Answer:
[tex]r=\frac{2(23146)-(139)(333)}{\sqrt{[2(9661) -(139)^2][2(55457) -(333)^2]}}=1[/tex]
So then the we have perfect linear association. Because the heights and weights of the men are similar.
Step-by-step explanation:
Let X represent the Height and Y the weigth
We have the follwoing dataset:
X: 70, 69
Y: 169, 164
n=2
The correlation coefficient is a "statistical measure that calculates the strength of the relationship between the relative movements of two variables". It's denoted by r and its always between -1 and 1.

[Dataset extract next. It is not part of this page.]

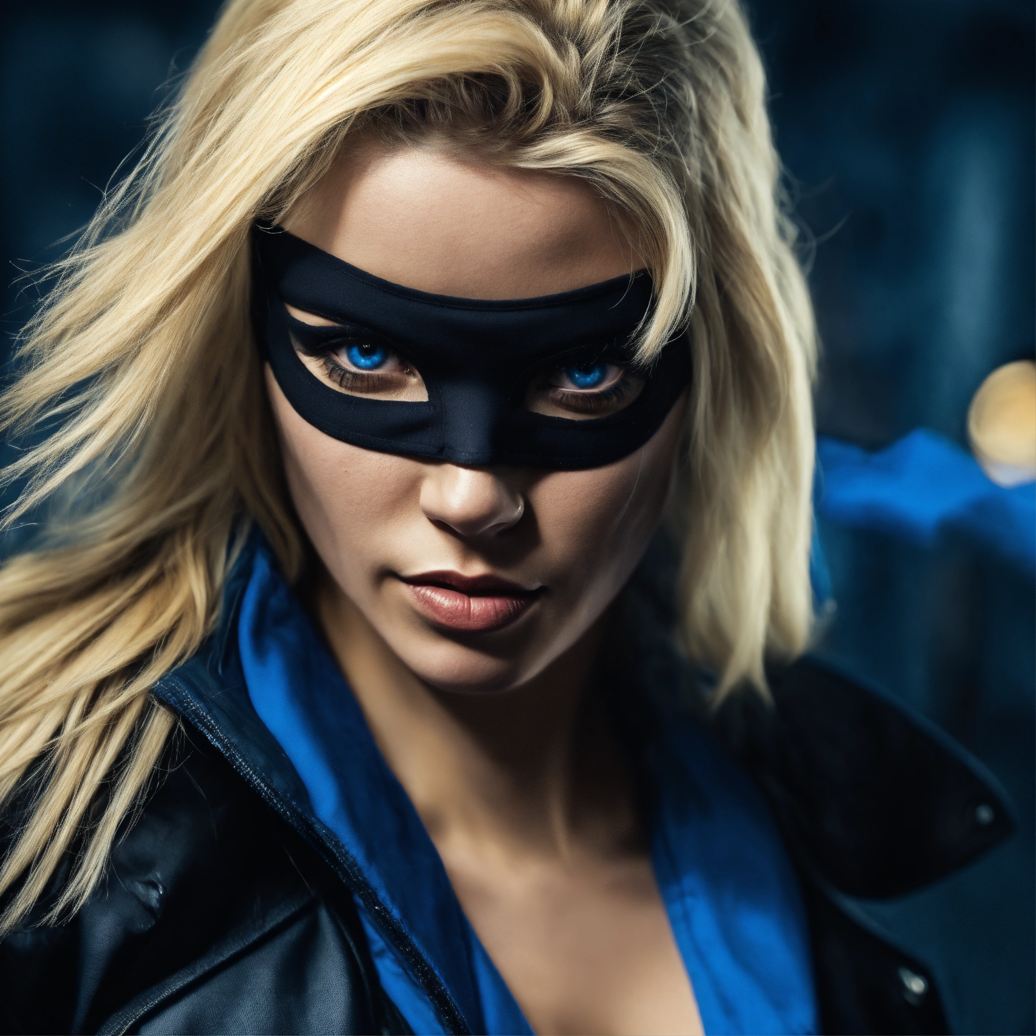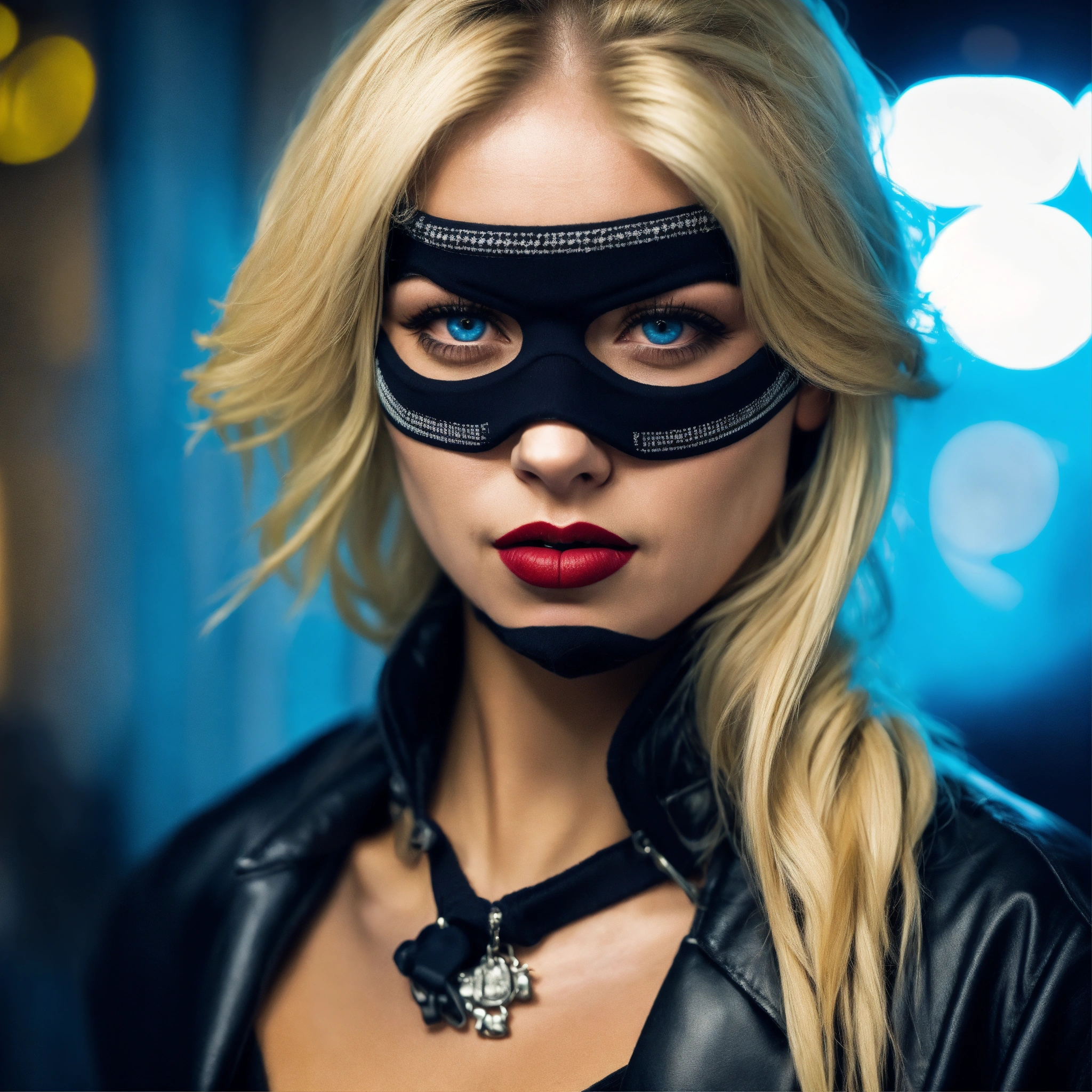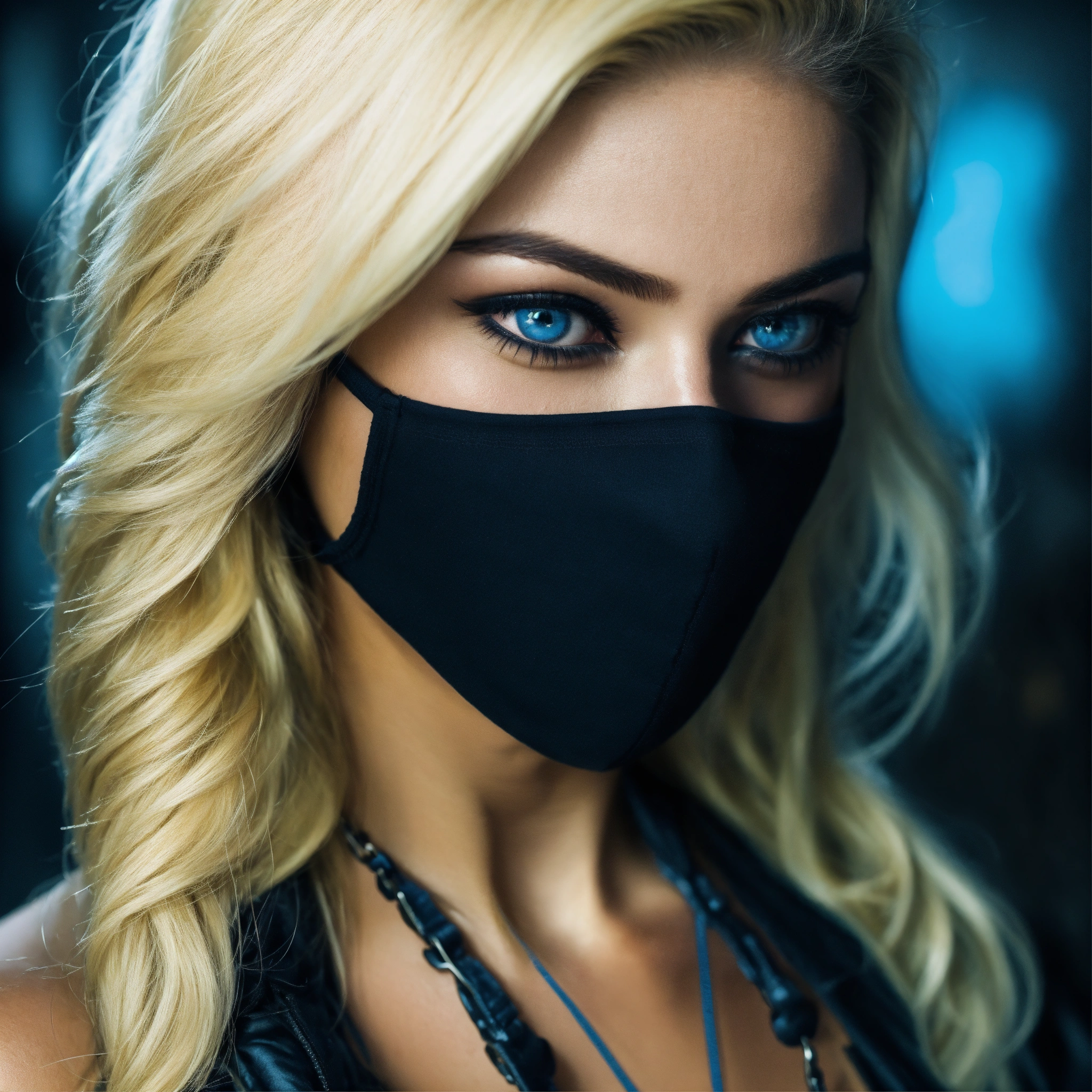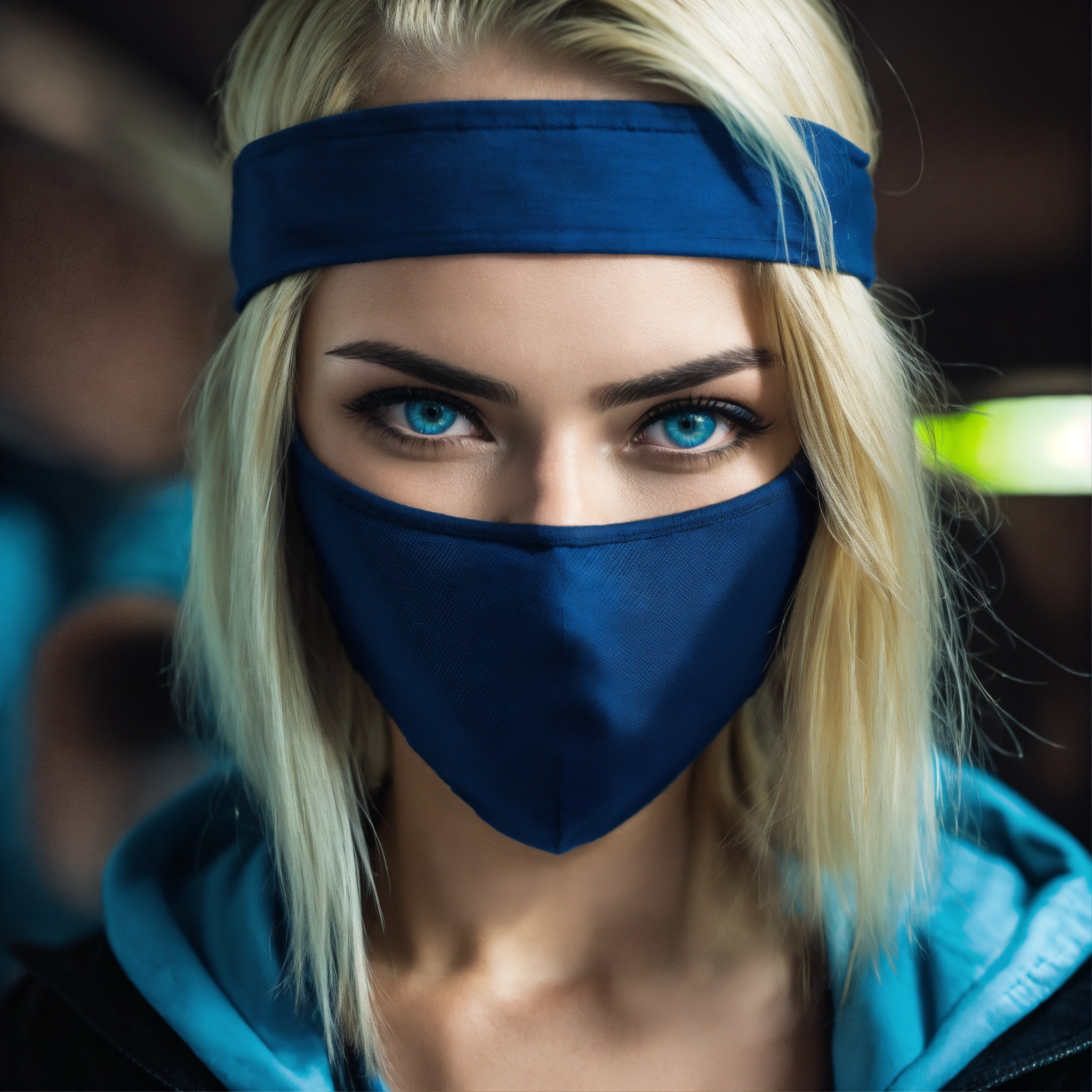 Criminal gangster woman with blue eyes a skimask and blonde haire

And in order to calculate the correlation coefficient we can use this formula:
[tex]r=\frac{n(\sum xy)-(\sum x)(\sum y)}{\sqrt{[n\sum x^2 -(\sum x)^2][n\sum y^2 -(\sum y)^2]}}[/tex]
For our case we have this:
n=2 [tex] \sum x = 139, \sum y = 333, \sum xy = 23146, \sum x^2 =9661, \sum y^2 =55457[/tex]
And if we replace in the formula we got:
[tex]r=\frac{2(23146)-(139)(333)}{\sqrt{[2(9661) -(139)^2][2(55457) -(333)^2]}}=1[/tex]
So then the we have perfect linear association. Because the heights and weights of the men are similar.